▶ Task: Restate word for word the lines from the one bearing "汪瑞说,当时自己并不怪妻子,毕竟她刚生完" through the end of the entries below, and leave every picture out.

▶ Entries shown:
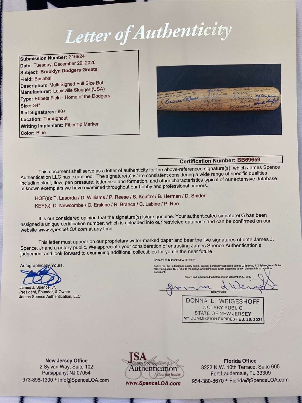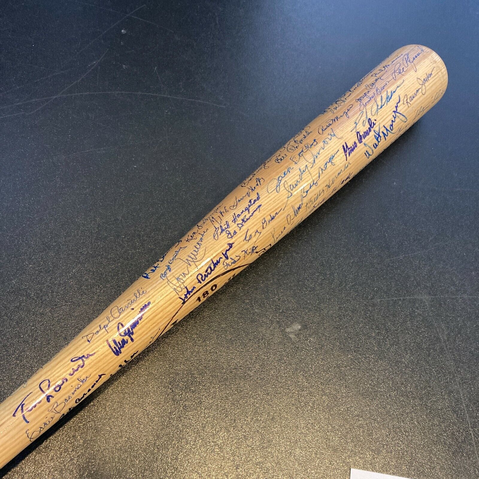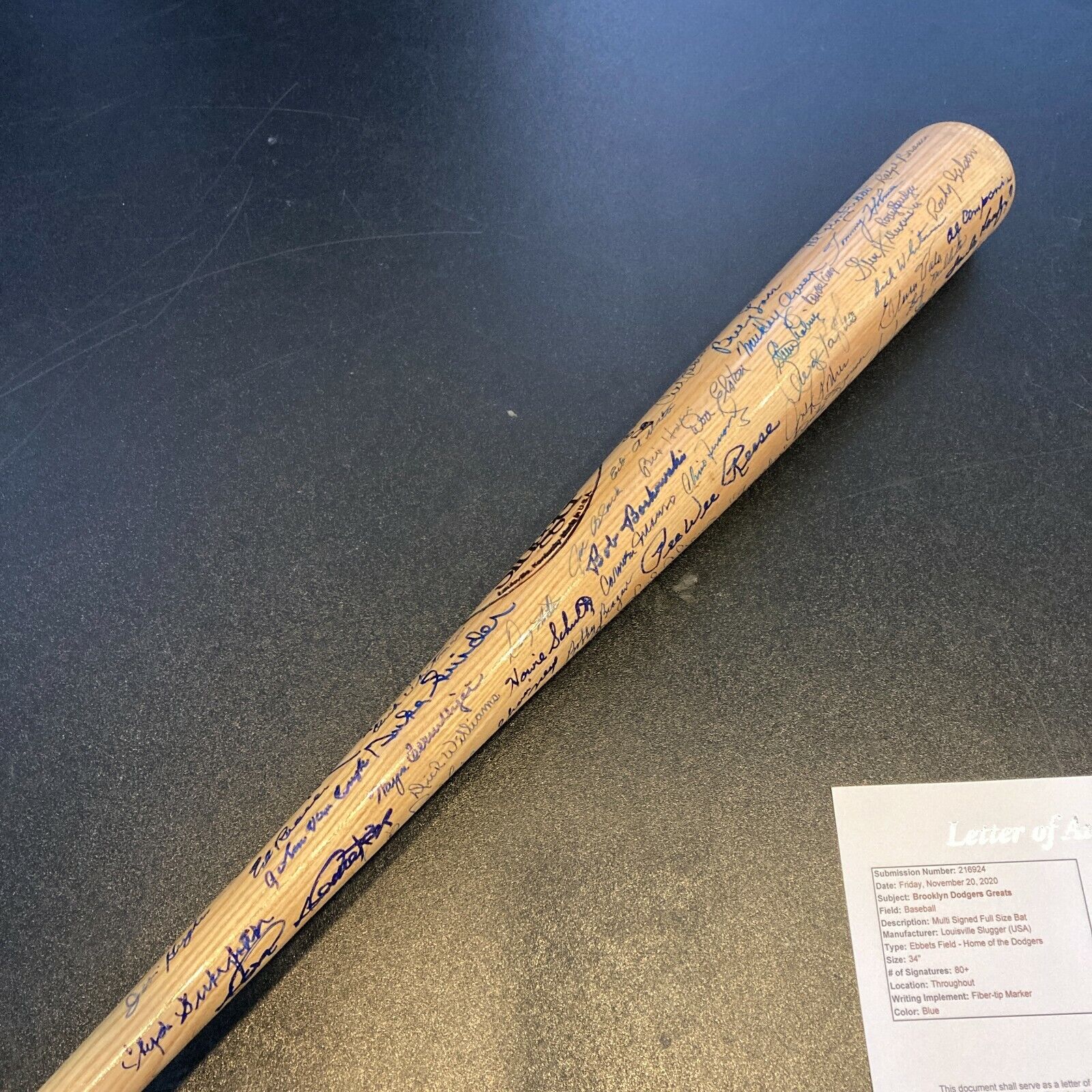 Extraordinary Louisville Slugger Ebbets Field Commemorative bat signed by 90+ former Brooklyn/LA Dodgers. Signatures include: Sandy Koufax, Tom Lasorda, Pee Wee Reese, Duke Snider, Dick Williams, Billy Herman, Ralph Branca, Don Newcombe, Clem Labine, Carl Erskine, Preacher Roe, George Shuba, Andy Pafko, Sandy Amoros and Roger Craig and MANY others. Full letter JSA COA.
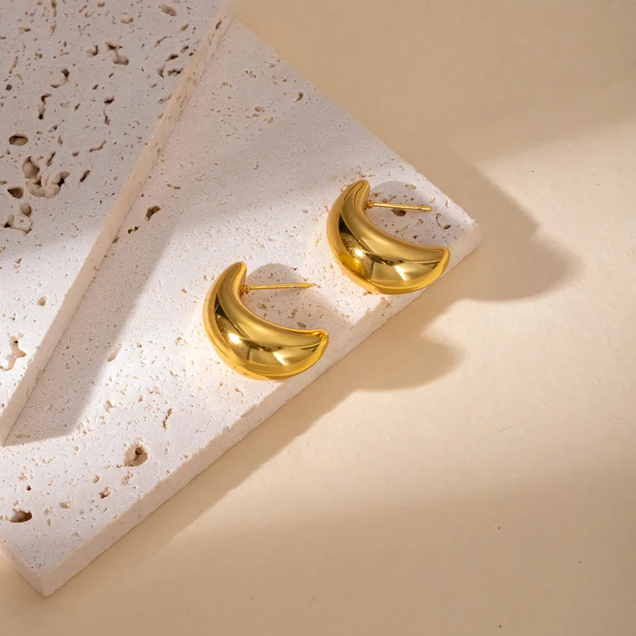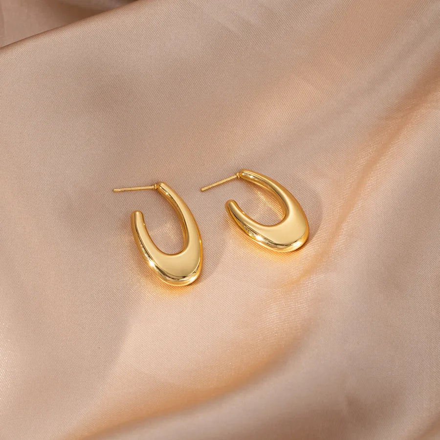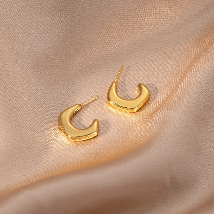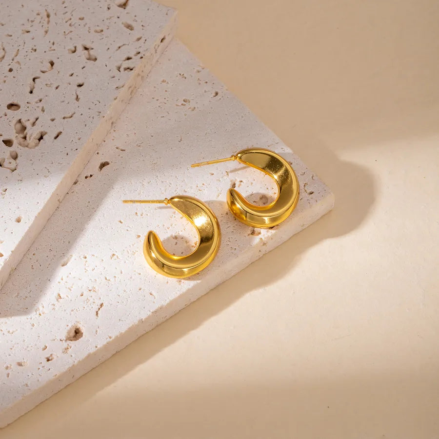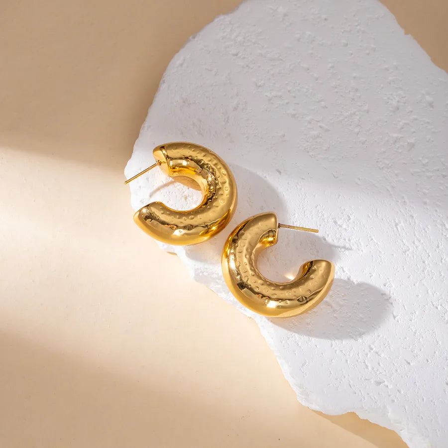 Elegant Geometric Hollow C-Shape Hoop Earrings Stainless Steel Vintage Feel Style Women's Fashion Jewelry
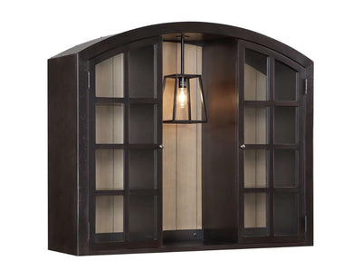 Looking for a versatile dining set that can adapt to your changing needs? Look no further than the Blackberry Farm dining set, which fuses the traditional simplicity and warmth of the farmhouse aesthetic with a modern sensibility. Store and display all your dining essentials with the hutch. Featuring a sleek black finish, this hutch offers ample storage space for your dishes, glasses, and other dining essentials. Showcase your fine china or other accessories through the hutch’s glass doors. The light fixture attached to the hutch provides a dim, atmospheric addition to your dining space. Whether that means you’re keeping things intimate or setting a relaxing ambience, you can control the vibe.Product Dimensions: Depth: 16.75", Height: 46.25", Width: 46.75",
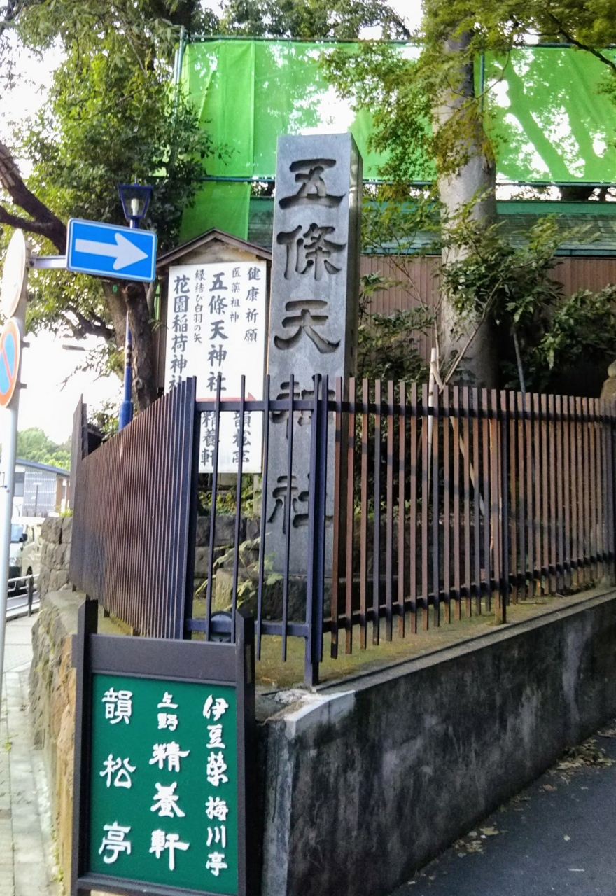 上野恩賜公園を散策しているとき 「韻松亭」の近くに「五條天神社」がありました。
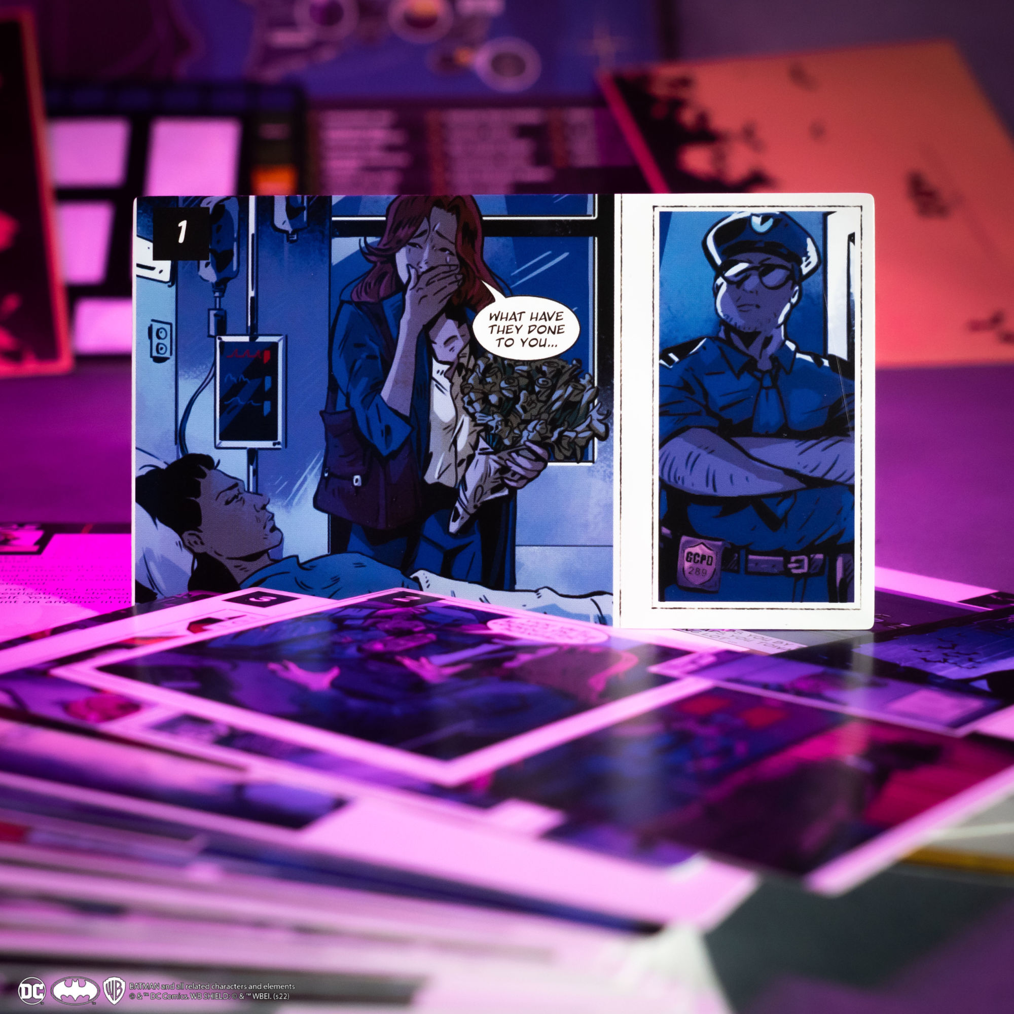 In Batman: Everybody Lies, players are challenged to solve a mystery with limited time and resources. They are presented with various clues and paths to begin their investigation, make their own decisions, and draw conclusions as they pursue different Leads. Players utilize a variety of game components to facilitate gameplay and push the narrative forward. Each Episode gives players access to up to 24 Lead cards that provide essential clues and plot points, along with a dedicated website, and additional resources included in the game box for authentic investigative immersion, which includes a Scene deck, Personal Goal deck, and the Gotham City Gazette archives. Each Episode concludes with a Final Report that is processed through the website. The players must give correct answers to questions concerning the investigation and then they are presented with an Epilogue that reveals the resolution of the Case.
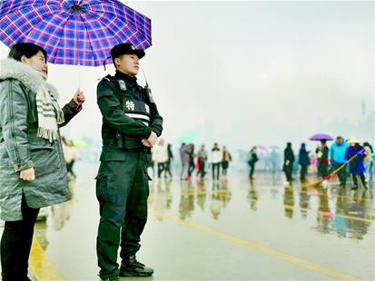 汪瑞说,当时自己并不怪妻子,毕竟她刚生完小孩不久,容易焦虑。这段小插曲并没有影响二人的感情,随着孩子的长大,小两口日子过得有滋有味。眼看农历猪年就要来了,朱敏和孩子先回了六安娘家和亲人团聚;腊月二十九汪瑞在单位值夜班,腊月三十上午7时,他坐了两个小时火车赶回老家吃年饭,到了晚上8时匆匆返程,投入到紧张的春节安保工作中。“我没想到,她会赶到我执勤岗上来看我,”谈到今年大年初五的团聚,汪瑞脸上露出了笑容。他说,后来得知这次“突然袭击”是朱敏酝酿已久的,妻子想给他一个惊喜。那天一大早,朱敏开车上了高速公路,因为下雨,近400公里的路程开了6个小时。当她来到归元寺财神殿门口时,看到汪瑞警容严整地站在人群中,正手持扩音器大声疏导人群,朱敏的眼睛不由得湿润了。她默默撑开了伞站在了丈夫身后,为他遮挡从天而降的冻雨。
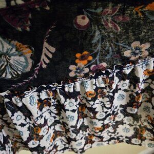 Bohemian floral tunic top with a V-neckline and tiered ruffles, ideal for a casual, stylish look. Semi Sheer. Retail $88
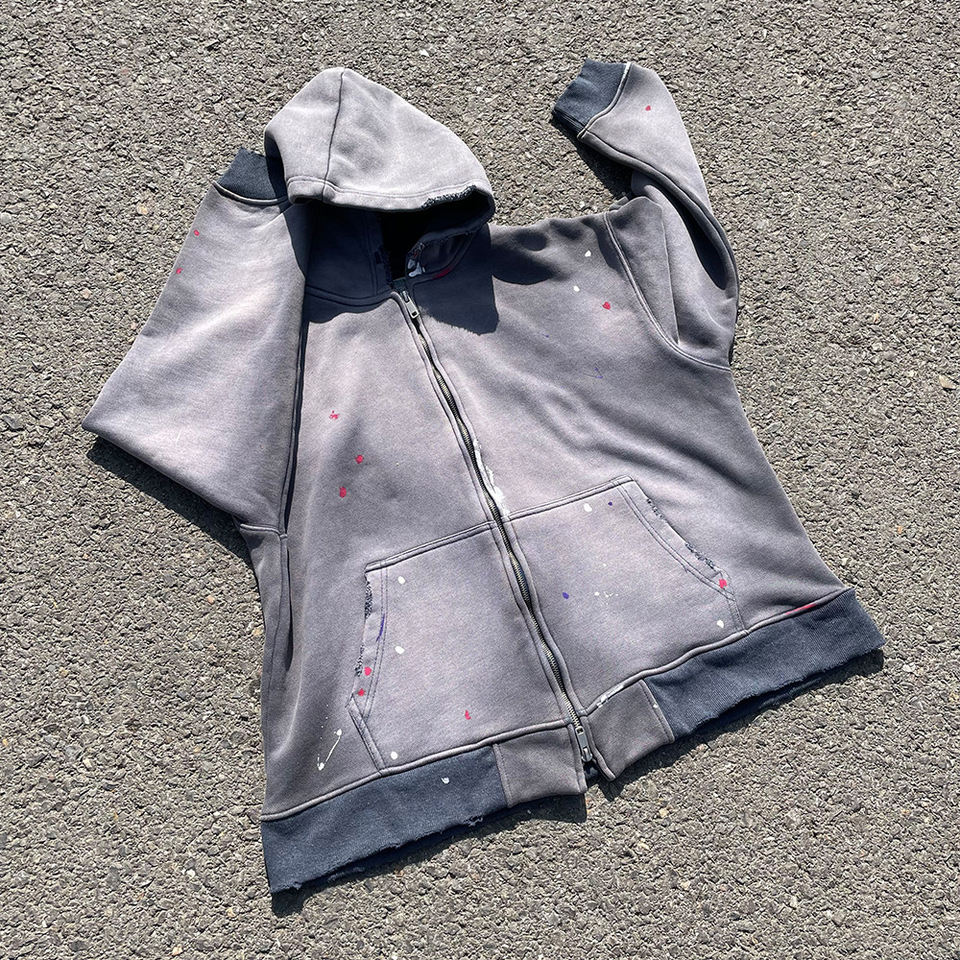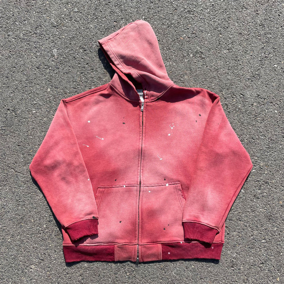 ผู้ผลิตเสื้อฮู้ดดี้วินเทจผู้ชายแบบกำหนดเอง คุณภาพสูง ผ้าฝ้าย 100% สไตล์ลำลอง ลุคซักฟอก ลายพิมพ์สาดสี ซีดจาง แบบมีซิป
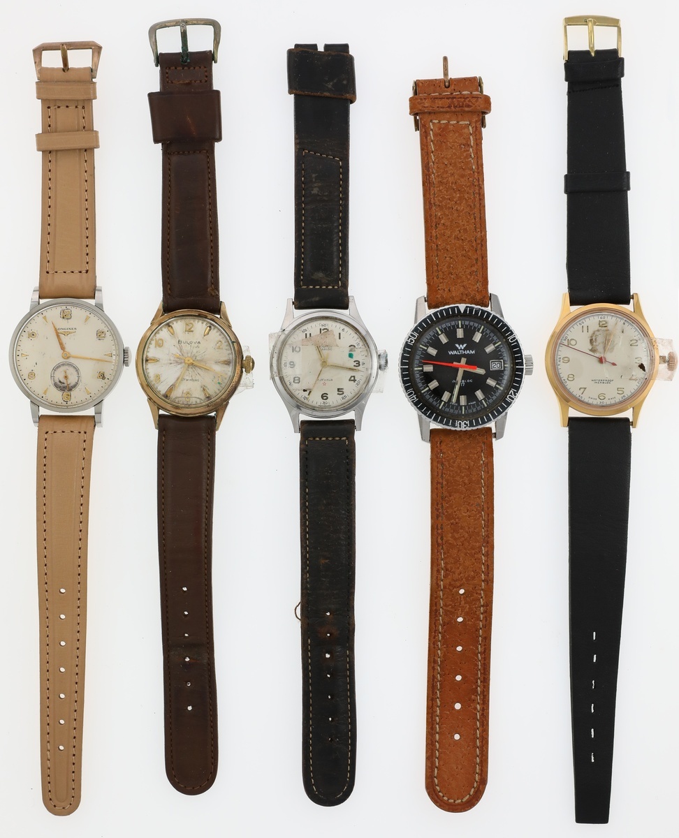 A Grouping of Gentleman's Wrist Watches. Contains: Waltham, stainless steel, date window, 33 mm.; Avalon, crown is broken, 26 mm.; Bulova, in working condition, crown is broken; Longines, seconds dial at 6 o'clock, 30 mm.; unnamed watch, crown is broken, 30mm. [5]

▶ Response area:
 汪瑞说,当时自己并不怪妻子,毕竟她刚生完小孩不久,容易焦虑。这段小插曲并没有影响二人的感情,随着孩子的长大,小两口日子过得有滋有味。眼看农历猪年就要来了,朱敏和孩子先回了六安娘家和亲人团聚;腊月二十九汪瑞在单位值夜班,腊月三十上午7时,他坐了两个小时火车赶回老家吃年饭,到了晚上8时匆匆返程,投入到紧张的春节安保工作中。“我没想到,她会赶到我执勤岗上来看我,”谈到今年大年初五的团聚,汪瑞脸上露出了笑容。他说,后来得知这次“突然袭击”是朱敏酝酿已久的,妻子想给他一个惊喜。那天一大早,朱敏开车上了高速公路,因为下雨,近400公里的路程开了6个小时。当她来到归元寺财神殿门口时,看到汪瑞警容严整地站在人群中,正手持扩音器大声疏导人群,朱敏的眼睛不由得湿润了。她默默撑开了伞站在了丈夫身后,为他遮挡从天而降的冻雨。
 Bohemian floral tunic top with a V-neckline and tiered ruffles, ideal for a casual, stylish look. Semi Sheer. Retail $88
 ผู้ผลิตเสื้อฮู้ดดี้วินเทจผู้ชายแบบกำหนดเอง คุณภาพสูง ผ้าฝ้าย 100% สไตล์ลำลอง ลุคซักฟอก ลายพิมพ์สาดสี ซีดจาง แบบมีซิป
 A Grouping of Gentleman's Wrist Watches. Contains: Waltham, stainless steel, date window, 33 mm.; Avalon, crown is broken, 26 mm.; Bulova, in working condition, crown is broken; Longines, seconds dial at 6 o'clock, 30 mm.; unnamed watch, crown is broken, 30mm. [5]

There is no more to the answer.